| name | triage-alert |
| description | Look up a Scanner detection alert by id and run a full triage investigation — hypothesis generation, evidence collection from surrounding logs, classification (BENIGN / SUSPICIOUS / MALICIOUS) with confidence, self-critique, and a structured report. Use when the user types `/triage-alert [id]`, pastes a Scanner alert id, or asks Claude to "triage", "investigate", or "look at" a specific alert by id. Requires Scanner MCP configured in Claude Code. |
triage-alert
Workflow
Phase 0 — Look up the alert by id
The user gives an alert id. The alert may be days, weeks, or months old, so search a wide time range.
- Call Scanner MCP
get_scanner_context if you have not already in this session — you need the context token plus the canonical name of the detections index (commonly _detections, but confirm from the context response).
- Call Scanner MCP
execute_query with this query template:
@index=<detections index from get_scanner_context> id: "<alert_id>"
Set the time range to the last 180 days (from = now - 180d, to = now). If the query returns zero rows, widen to 365 days and retry once. If still zero, stop and tell the user the alert id was not found in the last year — do not fabricate.
- The returned document is a Scanner alert with these key fields (see
n8n/alert-triage/sample-payloads/example-alert.json in the parent repo for the exact shape):
id, detection_rule_id, tenant_id
severity, severity_id, name, description, query_text, tags
detected_in_time_range — {start, end} ISO timestamps (use this to anchor the investigation window in Phase 2)
results_table — the rows that triggered the rule
View in Scanner — a UI deep link
Now load references/methodology.md and proceed through phases 1-5.
Phases 1-5 — Investigation
references/methodology.md carries the full procedure (hypothesis generation, evidence collection, classification rubric, self-critique, output template). Read it, follow it, emit the report exactly as templated.
Threat-intel enrichment
When the methodology calls for IOC enrichment in Phase 2, prefer invoking the lookup-ioc skill (or call its script directly with ../lookup-ioc/scripts/lookup_ioc.sh <indicator>). The script fans out across ThreatFox, OTX, and Feodo Tracker in parallel and returns a single JSON object — much cheaper than three sequential MCP/HTTP calls.
Required environment
- Scanner MCP configured in Claude Code (used for both the alert lookup and the evidence-collection queries).
- For IOC enrichment via
lookup-ioc: optionally OTX_API_KEY and ABUSECH_AUTH_KEY. The lookup degrades gracefully if missing.
Output
Terminal markdown only — see the template at the bottom of references/methodology.md.

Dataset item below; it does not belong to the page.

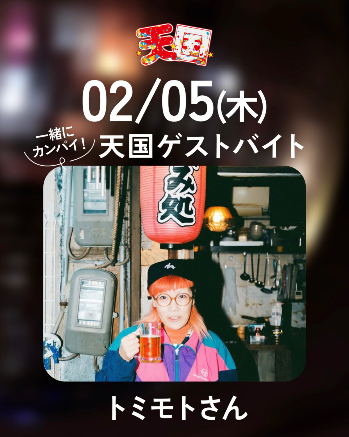 イベント 2026.01.29 2/5(木)“夜の秘境”こと肥後橋の立ち食い小皿焼肉「天国」で、ヘンとネン編集長・トミモトリエが1日店長(ゲストバイト)します。19:00から出勤予定なので遊びにきてくださ~い。シャンパン入れてくれたらとても感謝します。2/2(月)~8(日)まで9周年ウィークとして、いろんなゲストバイトが入れ替わるみたいですよ! 詳細はこちら トミモトリエ
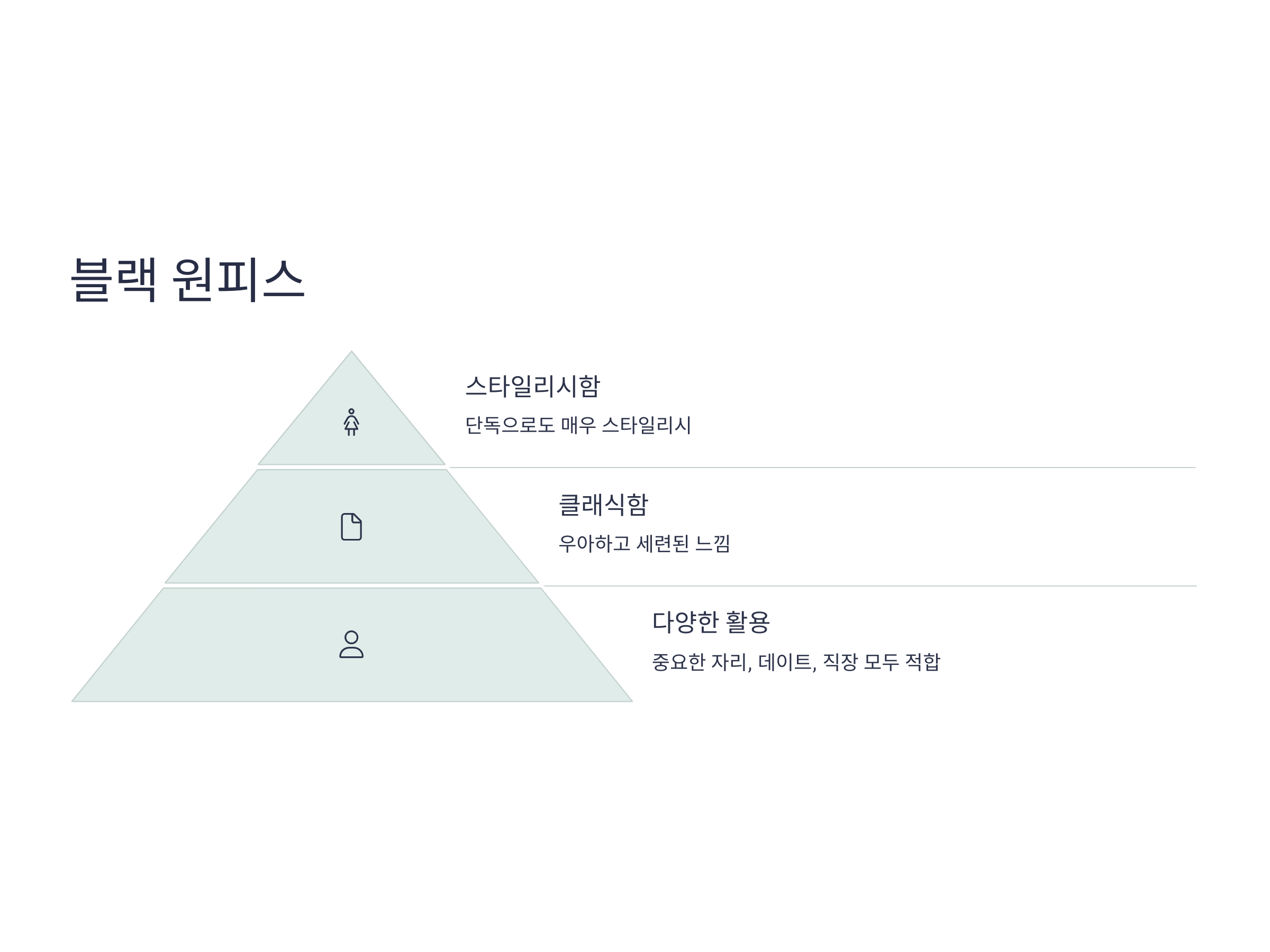 블랙 원피스는 모든 여성들이 갖추어야 할 아이템으로, 단독으로 입기에도 매우 스타일리시하고, 적당히 포멀한 자리에도 잘 어울립니다. 블랙 원피스는 클래식하고 우아한 느낌을 주며, 액세서리나 신발로 개성을 더할 수 있는 아이템입니다. 특히 중요한 자리나 데이트, 혹은 직장에서도 입을 수 있어 실용적인 의류로 추천합니다.

Begin the response with the 🚨 line; end with the final Next questions bullet (or with the MITRE ATT&CK line if no follow-ups are worth listing). No preamble, no trailing commentary.
Pre-flight briefing
Before the first tool call, emit 2-3 lines telling the user what's about to happen. Example:
Triaging alert <id-short>. I'll look up the alert (180-day window), gather surrounding evidence from the same source-type around the detection time, and enrich any IPs/hashes via /lookup-ioc. Read-only.

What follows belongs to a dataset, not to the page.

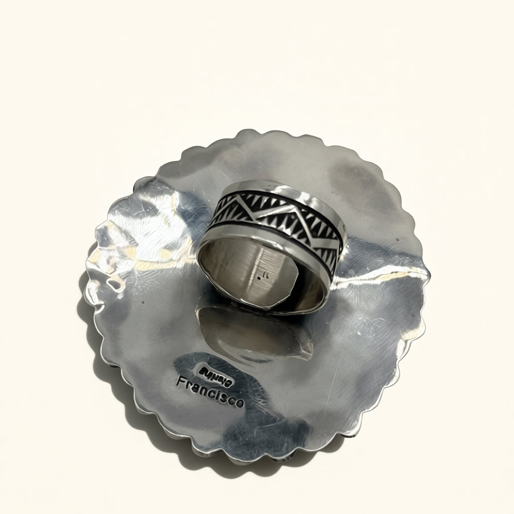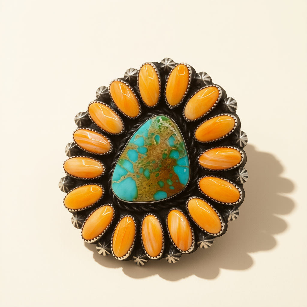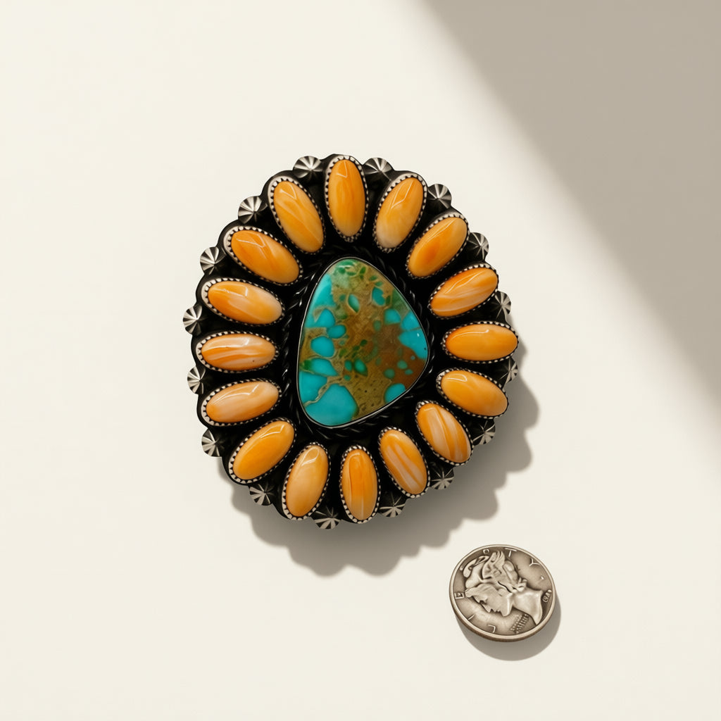 Handcrafted by Dustin Francisco, this ring features Royston and Orange Spiny set in sterling silver and is adjustable.

If the alert id is unparseable, say so up front instead of querying blindly.
After emitting the report
After the triage report is complete, ask the user:
Want this as an HTML report? (light theme by default — say "dark" for the Scanner-app theme.)
If yes, invoke /report-as-html with the report content and the slug triage-<alert-id-short>-<YYYY-MM-DD>. The renderer asks separately about opening in the browser. See ../report-as-html/SKILL.md for the contract.